Establishment of CRISPR-Cas-based antiparasitic agents for the swimming crab parasite Mesanophrys sp.

Abstract

Mesanophrys sp. represents a parasitic ciliate, significantly jeopardizing the survival of farmed swimming crabs (Portunus trituberculatus). However, certain drawbacks exist in traditional broad-spectrum antiparasitic drugs, necessitating the development of innovative antiparasitic methods. Here we report the development of a series of CRISPR-Cas-based antiparasitic engineering bacteria, termed AEB-Cas(s), capable of sequence-specific killing of Mesanophrys sp.. The AEB-Cas(s) are generated by introducing well-designed prokaryotic plasmid vectors into chassis bacteria to express CRISPR effector protein and guide RNA targeting the 18S rDNA, 28S rDNA, and DHC7 genes of ciliates.

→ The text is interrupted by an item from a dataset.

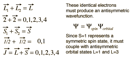 This kind of coupling is called L-S coupling or Russell-Saunders coupling, and it is found to give good agreement with the observed spectral details for many light atoms. For heavier atoms, another coupling scheme called "j-j coupling" provides better agreement with experiment. The vector model illustrated above was applied to a single electron, but a similar model can be applied when multiple electrons contribute to the net angular momentum. If identical electrons are involved, then proper care must be taken to make sure the combinations produce an antisymmetric wavefunction upon exchange of identical electrons. For example, consider the electron configuration of titanium, (Ar)3d24s2. The 4s electrons contribute to a closed shell and the 3d2 electrons contribute the net angular momentum. Under the L-S coupling conditions this gives the following. ![]() The possibility of J=5 is excluded by symmetry considerations for the identical electrons, but the other states can be visualized by the vector model. |
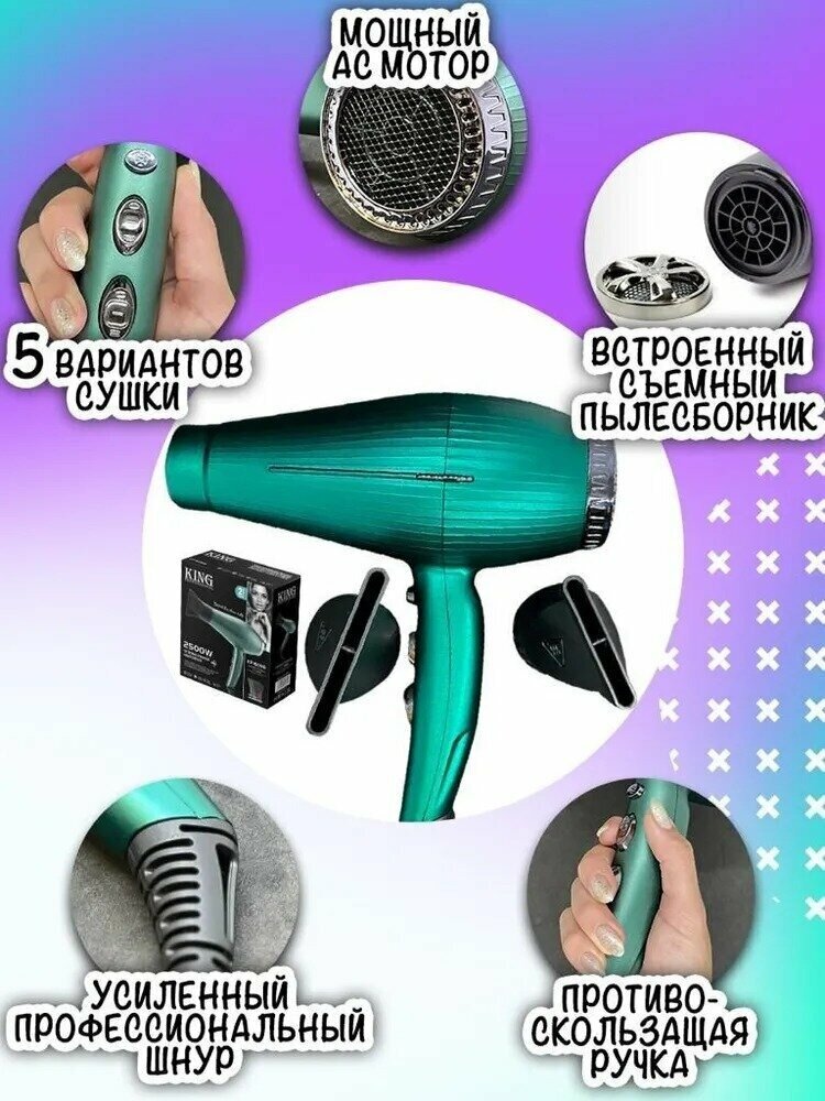 Купить Профессиональный салонный Фен для волос/уход за волосами/для укладки и сушки волос/насадка концентратор,диффузор/с функцией ионизации/домашний/зеленый

By virtue of the bacteria-feeding behavior of ciliates, a feeding-delivery (FD) strategy is established for the targeted delivery of exogenous proteins and RNAs into Mesanophrys sp.. Based on the FD strategy, AEB-Cas9 and AEB-Cas13 antiparasitic agents are feeding to the ciliates, and their antiparasitic effect on Mesanophrys sp. are evaluated, respectively. Our results demonstrate that AEB-Cas(s) exhibit significant differences in the inhibitory effect when targeting different ciliates' genes. Specifically, AEB-Cas9 and AEB-Cas13 exhibit 39.0% and 52.2% inhibition rates targeting the 18S rDNA gene, respectively. In comparison, the inhibition rates are 55.2% and 73.6% targeting the 28S rDNA gene, respectively. Notably, both exhibit the highest lethality targeting the DHC7 gene, with inhibition rates of 56.5% in AEB-Cas9 and 89.4% in AEB-Cas13, respectively. Our findings highlight the potential of AEB-Cas(s) as effective antiparasitic agents against Mesanophrys sp., and provide a promising approach for preventing and treating other aquatic ciliate diseases.